Better? I choked back a laugh, then turned away before she could see my face. “Adios....”

“He’ll be your boyfriend, just wait and see,” she called after me gleefully. “He’ll be your husband someday!”

My husband. A bitter thought. I wasn’t the one Alejandro had wished to marry. He wanted my wealthy, beautiful cousin, Claudie. It was the whole reason he’d seduced me, the poor relation living in the shadows of Claudie’s London mansion. If he and Claudie wed, together they’d have everything: a dukedom, half of Andalucía, political connections across the world, billions in the bank. They’d have almost limitless power.

There was just one thing they could never have.

My eyes fell on my baby’s dark, downy head. I clutched Miguel tightly against me, and he gave an indignant cry. Loosening my grip, I smoothed back his soft hair.

“Sorry, I’m so sorry,” I choked out, and I didn’t know whether I was begging my son’s forgiveness for holding him too tightly, for tearing him away from his home or for choosing his father so poorly.

How could I have been so stupid? How?

Hurrying down the small street, I glanced up at the heavy gray sky. August was the rainy season, and a downpour was threatening. Cuddling Miguel against my hip, I punched in the security-alarm code and pushed open the heavy oak door of my brightly painted home.

The rooms inside were dark. I’d fallen in love with this old colonial house, with its tall ceilings, its privacy, its scarcity of windows on the street. I could not have afforded the rent in a million years, but I’d been helped by a friend who’d allowed me to live here rent-free. Well—I thought of Edward St. Cyr as a friend. Until a week ago, when he’d—

But no. I wouldn’t think of that now, or how betrayed I’d felt when the friendship I’d come to rely upon had been revealed for what it was.

I’m tired of waiting for you to forget that Spanish bastard. It’s time for you to belong to me.

I shuddered at the memory. My answer had sent Edward scowling from this house, back on his private jet to London. There was no way I could remain in this house, living rent-free, after that, so for the past week, I’d looked for a cheaper place to live. But it was hard to find any place cheap enough for the income of a new, self-employed artist. Even here.

San Miguel de Allende had become my home. I would miss the city’s cobblestoned streets, growing flowers in my garden and selling portraits in the open-air mercados. I’d miss the friends I’d made, Mexicans and expats who’d welcomed an unmarried, heartbroken woman and her baby, who’d taped me up and put me back together.

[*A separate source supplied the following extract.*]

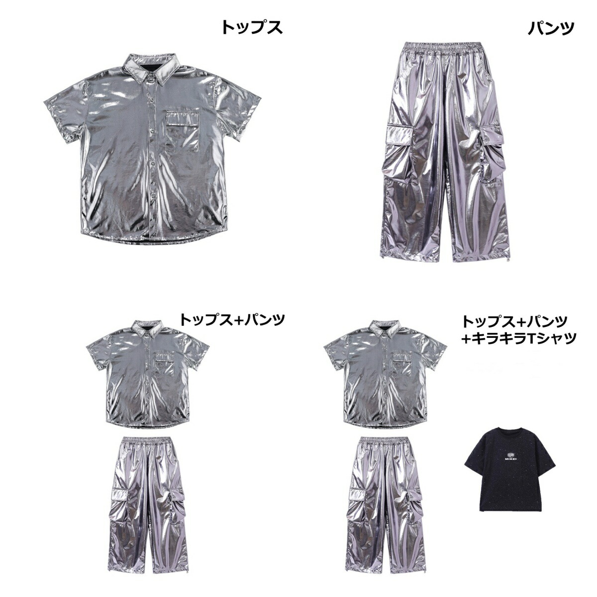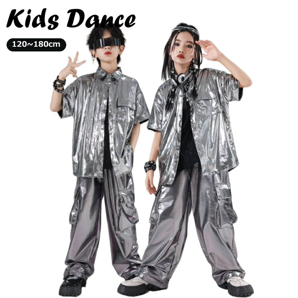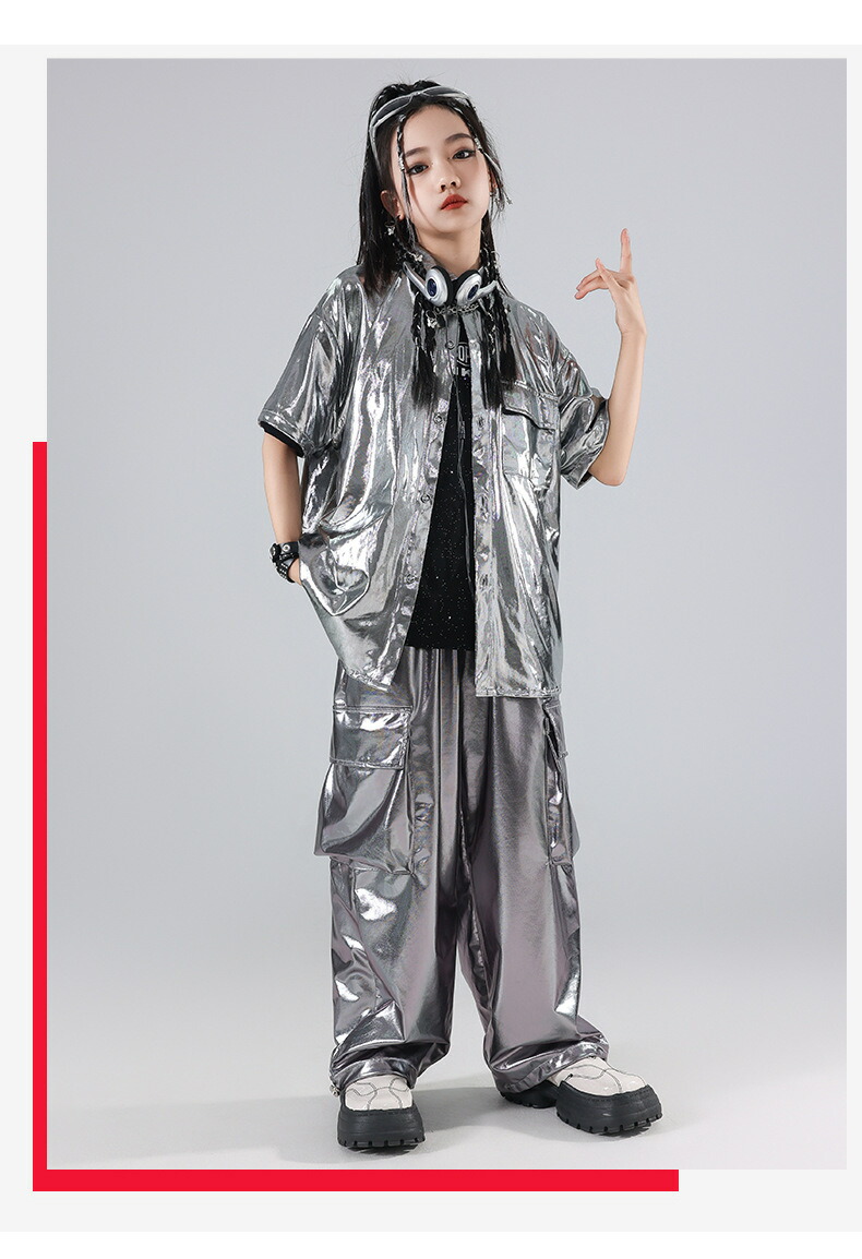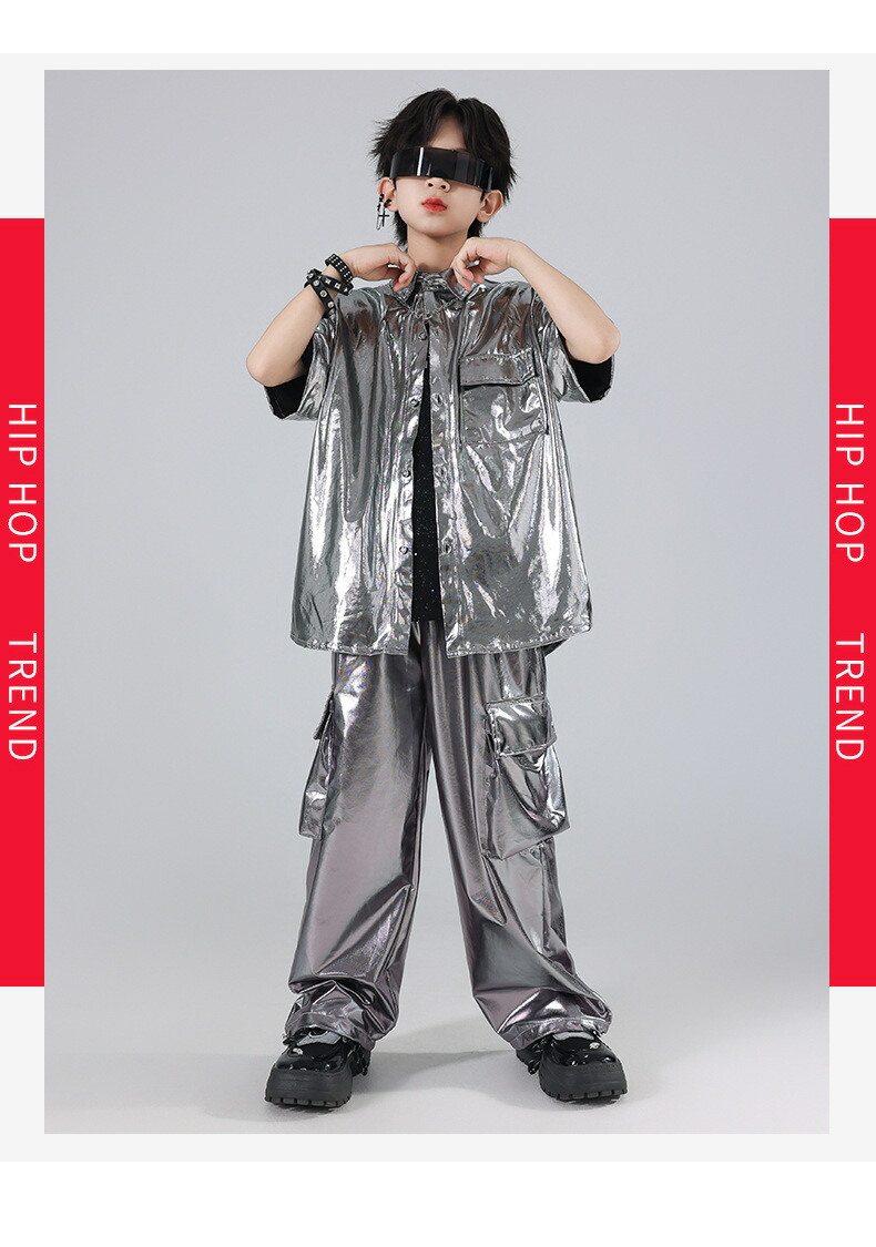 キッズ ダンス衣装 シルバー シャツ キッズ ベビー マタニティ 早い者勝ち トップスのみ パンツのみ トップス+パンツ トップス+パンツ+キラキラTシャツ 120 130 140 150 160 170 180

Now I took a deep breath, trying to steady my shaking nerves. “I can do this,” I whispered aloud, trying to make myself believe it. I knew how to grab passports, money and clothes and be out of here in five minutes. I’d done it before, in Tokyo, Berlin, Istanbul, São Paulo and Mumbai.

But then, I’d had Edward to help me. Now I had no one.

Don’t think about it, I ordered myself, wiping my eyes. I’d go on foot and hail a taxi on the street. Once at the station, my baby and I would take the next bus to Mexico City. I’d use the emergency credit card Edward had left and fly to the United States, where I was born. I’d head west. Disappear. Once I found a job, I’d pay back Edward every penny.